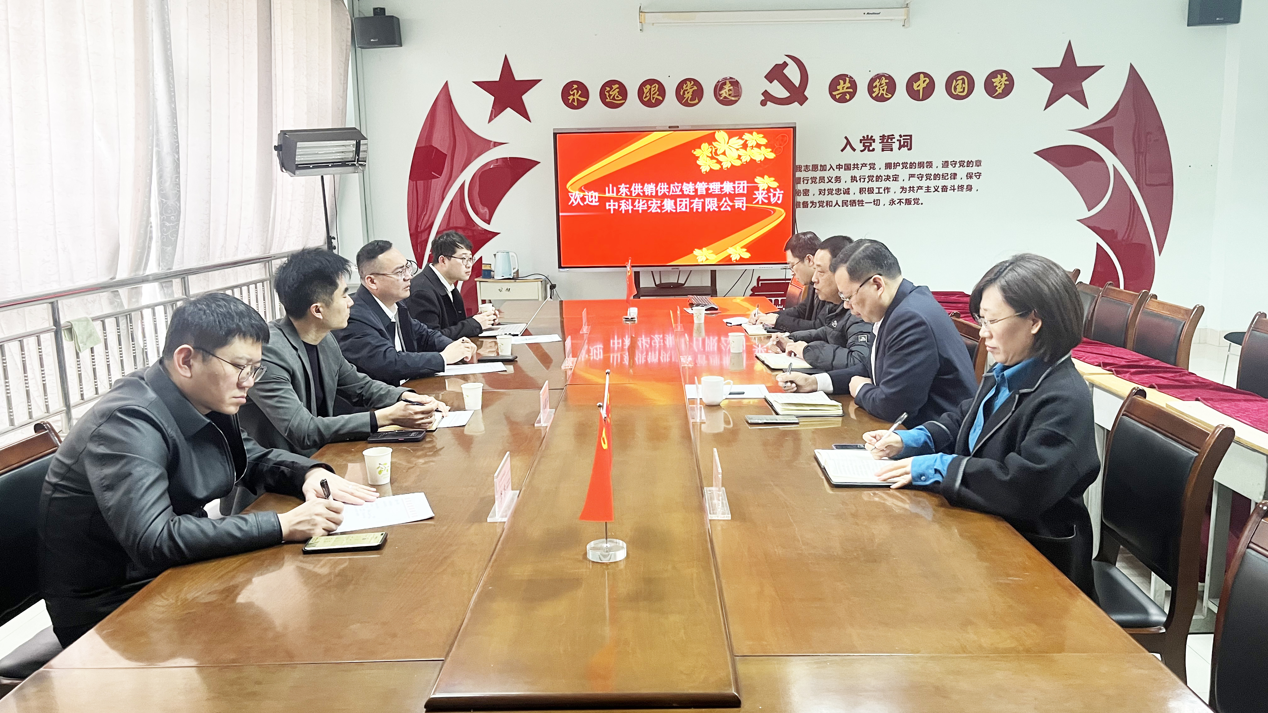 来访的山东供销供应链管理集团常务副总经理张强伟、业务经理陈相宇,中科华宏集团有限公司总裁庄雷、CTO李东,与工商管理系党总支书记高巍、副主任高义丰和电子商务、网络营销与直播电商专业负责人进行了座谈。
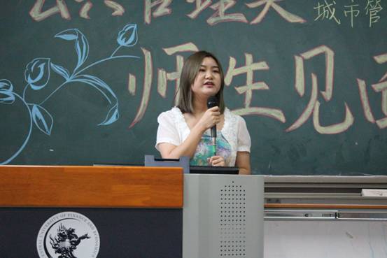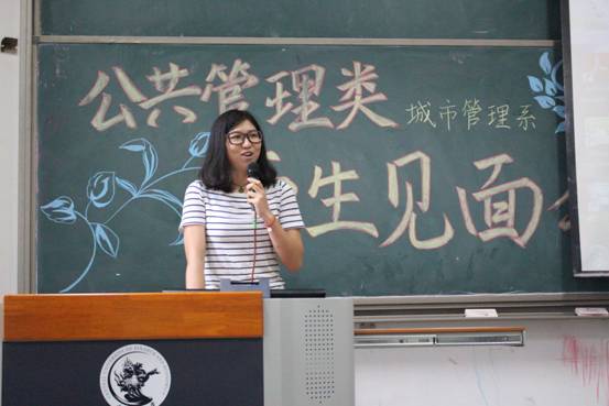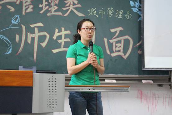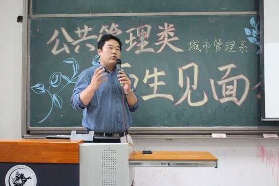 接下来是邢华老师用四个关键词来讲出他对同学们的成长期望——情怀、务实、精彩、大有可为。情怀——邢老师指出公共管理专业考虑的是公共利益,致力于研究通过公共政策的制定和公共事业的管理使人们生活得更好。“正气浩然,上善若水”的院训要求政管学子具有高度的社会责任感和社会使命感。在城市化浪潮中,只有具备了情怀,城市研究才能做得更好。务实——城市面临的问题十分具体,例如人口拥堵问题、交通拥堵现状以及与人们的生活息息相关的城市规划等。如何使秩序更加井然有序,则需要我们学习城市管理方面的知识,更好地理解城市、规划城市、管理城市。邢老师讲解道,城市管理专业的培养方案不仅教给学生众多的理论和技能,还培养了他们的全球视野、技术视野、财经视野。经济学、管理学、规划学等学科的学习,将为学生们的未来打下了十分深厚的基础。如今,城市管理专业的教师团队精干,教授、副教授人数众多,且都毕业于名校,知识结构、知识储备均是一流,相信会给予同学们足够专业的指导。精彩——面对同学们对专业学习的疑惑,邢老师认为城市管理专业的学习并不枯燥,反而生动有趣,模拟市长大赛、城市营销大赛都精彩万分。课程的设置更加关注于培养学生全方面素质,学生可以亲自动手设计城市规划,每学期都跟随师长进行社会实践,亲自走访调查。大有可为——邢老师向同学们介绍了城市管理专业的发展现状。目前学院设立了城市管理专业的硕士、博士点,同学们选择这个专业,未来发展空间大,无论是考研保研、出国、就业,都将有一个很好的发展。
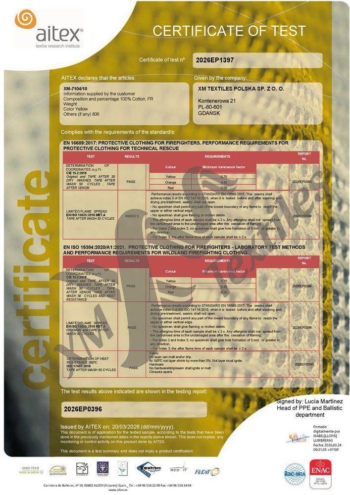 HomeCertyfikaty, raporty z badań i arkusze danych technicznychXM SilverLineXM-7104/10: EN 16689 (50×60°C) XM-7104/10: EN 16689 (50×60°C)EN 16689, XM SilverLine, XM-7104 / 27 marca, 2026 Download XM-7104/10 LISOTaśmy do naszywania | EN 469
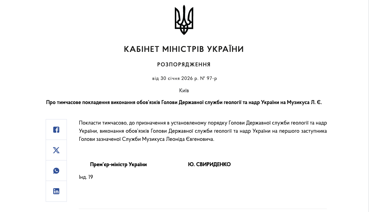 «Покласти тимчасово, до призначення в установленому порядку голови Державної служби геології та надр України, виконання обов'язків голови Державної служби геології та надр України на першого заступника голови зазначеної Служби Музикуса Леоніда Євгеновича», – йдеться в документі.
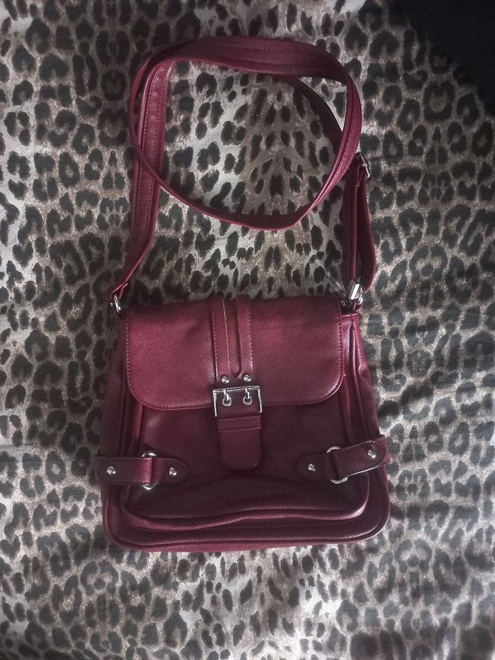 Bordo deri, tokalı kapak ve ayarlanabilir askıya sahip kadın çantası, günlük kullanıma uygun cesur gotik tarzda.
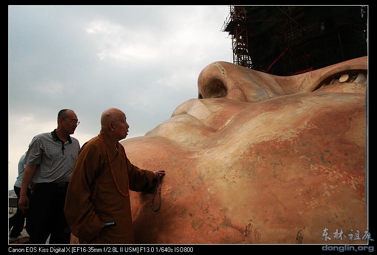 传印大和尚对大佛的建设进展情况非常关心,在侍者性然法师的陪同下,从昌北机场回寺院的途中首先来到大佛工地。在东林大佛工程建设指挥部同仁的陪同下,老和尚深入细致地查看了中轴线现场、大佛像佛首脸部、宝盖基础、东林寺下院和闭关房的规划建设地址等工程。传老看到中轴线各项工程全面展开,工程进展变化显著,感到十分欣慰。
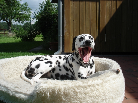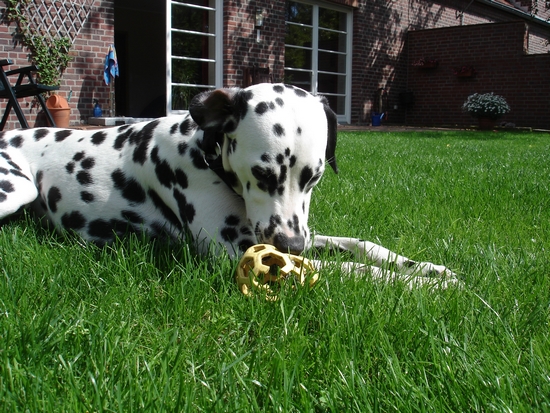 Frauchen, ich komme gleich. Erst mal waschen... hab' ja Geburtstag! |
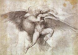 ...porque aprendiese a dibujar le hizo muchas láminas, trazadas con lápiz negro y rojo, de cabezas divinas; y después un dibujo de un Ganimedes arrebatado al cielo por el ave de Júpiter, un Ticio al que el águila devora el hígado, la Caída del carro del Sol con Faetón y una Bacanal de niños, todas unas obras singularísimas, unos dibujos nunca visto de tan excelentes.]

━━━

◆ EXERCISE DETAILS: The answer should match the material exactly, with every picture removed.

◆ ANSWER TO THE EXERCISE:
 来访的山东供销供应链管理集团常务副总经理张强伟、业务经理陈相宇,中科华宏集团有限公司总裁庄雷、CTO李东,与工商管理系党总支书记高巍、副主任高义丰和电子商务、网络营销与直播电商专业负责人进行了座谈。
 接下来是邢华老师用四个关键词来讲出他对同学们的成长期望——情怀、务实、精彩、大有可为。情怀——邢老师指出公共管理专业考虑的是公共利益,致力于研究通过公共政策的制定和公共事业的管理使人们生活得更好。“正气浩然,上善若水”的院训要求政管学子具有高度的社会责任感和社会使命感。在城市化浪潮中,只有具备了情怀,城市研究才能做得更好。务实——城市面临的问题十分具体,例如人口拥堵问题、交通拥堵现状以及与人们的生活息息相关的城市规划等。如何使秩序更加井然有序,则需要我们学习城市管理方面的知识,更好地理解城市、规划城市、管理城市。邢老师讲解道,城市管理专业的培养方案不仅教给学生众多的理论和技能,还培养了他们的全球视野、技术视野、财经视野。经济学、管理学、规划学等学科的学习,将为学生们的未来打下了十分深厚的基础。如今,城市管理专业的教师团队精干,教授、副教授人数众多,且都毕业于名校,知识结构、知识储备均是一流,相信会给予同学们足够专业的指导。精彩——面对同学们对专业学习的疑惑,邢老师认为城市管理专业的学习并不枯燥,反而生动有趣,模拟市长大赛、城市营销大赛都精彩万分。课程的设置更加关注于培养学生全方面素质,学生可以亲自动手设计城市规划,每学期都跟随师长进行社会实践,亲自走访调查。大有可为——邢老师向同学们介绍了城市管理专业的发展现状。目前学院设立了城市管理专业的硕士、博士点,同学们选择这个专业,未来发展空间大,无论是考研保研、出国、就业,都将有一个很好的发展。
 HomeCertyfikaty, raporty z badań i arkusze danych technicznychXM SilverLineXM-7104/10: EN 16689 (50×60°C) XM-7104/10: EN 16689 (50×60°C)EN 16689, XM SilverLine, XM-7104 / 27 marca, 2026 Download XM-7104/10 LISOTaśmy do naszywania | EN 469
 «Покласти тимчасово, до призначення в установленому порядку голови Державної служби геології та надр України, виконання обов'язків голови Державної служби геології та надр України на першого заступника голови зазначеної Служби Музикуса Леоніда Євгеновича», – йдеться в документі.
 Bordo deri, tokalı kapak ve ayarlanabilir askıya sahip kadın çantası, günlük kullanıma uygun cesur gotik tarzda.
 传印大和尚对大佛的建设进展情况非常关心,在侍者性然法师的陪同下,从昌北机场回寺院的途中首先来到大佛工地。在东林大佛工程建设指挥部同仁的陪同下,老和尚深入细致地查看了中轴线现场、大佛像佛首脸部、宝盖基础、东林寺下院和闭关房的规划建设地址等工程。传老看到中轴线各项工程全面展开,工程进展变化显著,感到十分欣慰。
 Frauchen, ich komme gleich. Erst mal waschen... hab' ja Geburtstag! |
 ...porque aprendiese a dibujar le hizo muchas láminas, trazadas con lápiz negro y rojo, de cabezas divinas; y después un dibujo de un Ganimedes arrebatado al cielo por el ave de Júpiter, un Ticio al que el águila devora el hígado, la Caída del carro del Sol con Faetón y una Bacanal de niños, todas unas obras singularísimas, unos dibujos nunca visto de tan excelentes.]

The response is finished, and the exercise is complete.